Revised Project Proposal

Abstract

Anxiety is something that I carry with me wherever I go, every day of my life. Focusing on anxiety, I want to explore the different ways to cope with it. I want to explore different non-destructive coping methods.

Presentation Reflection

I think that in my presentation I could have done a better job at explaining more of my research. I only mentioned three of my sources and I didn’t really explain how they helped guide me in my project. I was also told that my topic might be too personal, but I’m having a hard time moving away from that. I’m not too sure how to express how I cope without it being too personal. I think that if I was told before this point that it was too personal and that I should also be focusing on others and how they cope I might have had different deliverables to show.
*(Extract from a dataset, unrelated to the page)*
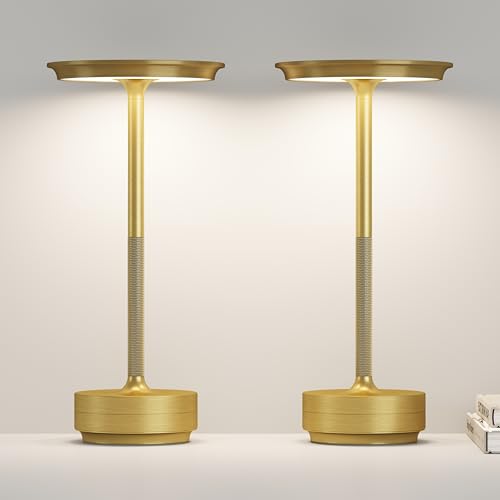 Cordless Rechargeable Table Lamp,LED Portable Touch 5000mAh Battery Operated Table Lights,with Memory Function 3-Level Brightness for Patio,Bars,Bedroom,Outdoor,Dinner,café(2P Gold)

I was also told that I should focus on visuals that show how others cope and to me, that feels like I’m moving away from this personal thing. But I can’t find the line between the two things. I think for me if I asked someone how they cope with whatever in their lives, mental illness or life changing event, I would feel like I might be asking them to open up about something that they don’t feel comfortable talking about. And that is something that I don’t want to do.

It was also mentioned that I should find a way to move away from crafty so that I can communicate something about the issue. Another comment was about trying to find a way to incorporate design into the project to move it away from this crafty thing. I think that I could combine these two things by designing little signs or information cards that give a definition of anxiety, some symptoms. I could also make something for coping and mention non-destructive ways that others cope.

But I feel that the only way that I can properly show how anxiety feels is to keep it personal. I only know what anxiety feels like to me, I can’t just assume this is how it feels for everyone. I believe that it will be more effective to express how I feel than trying to generalize it for everyone else.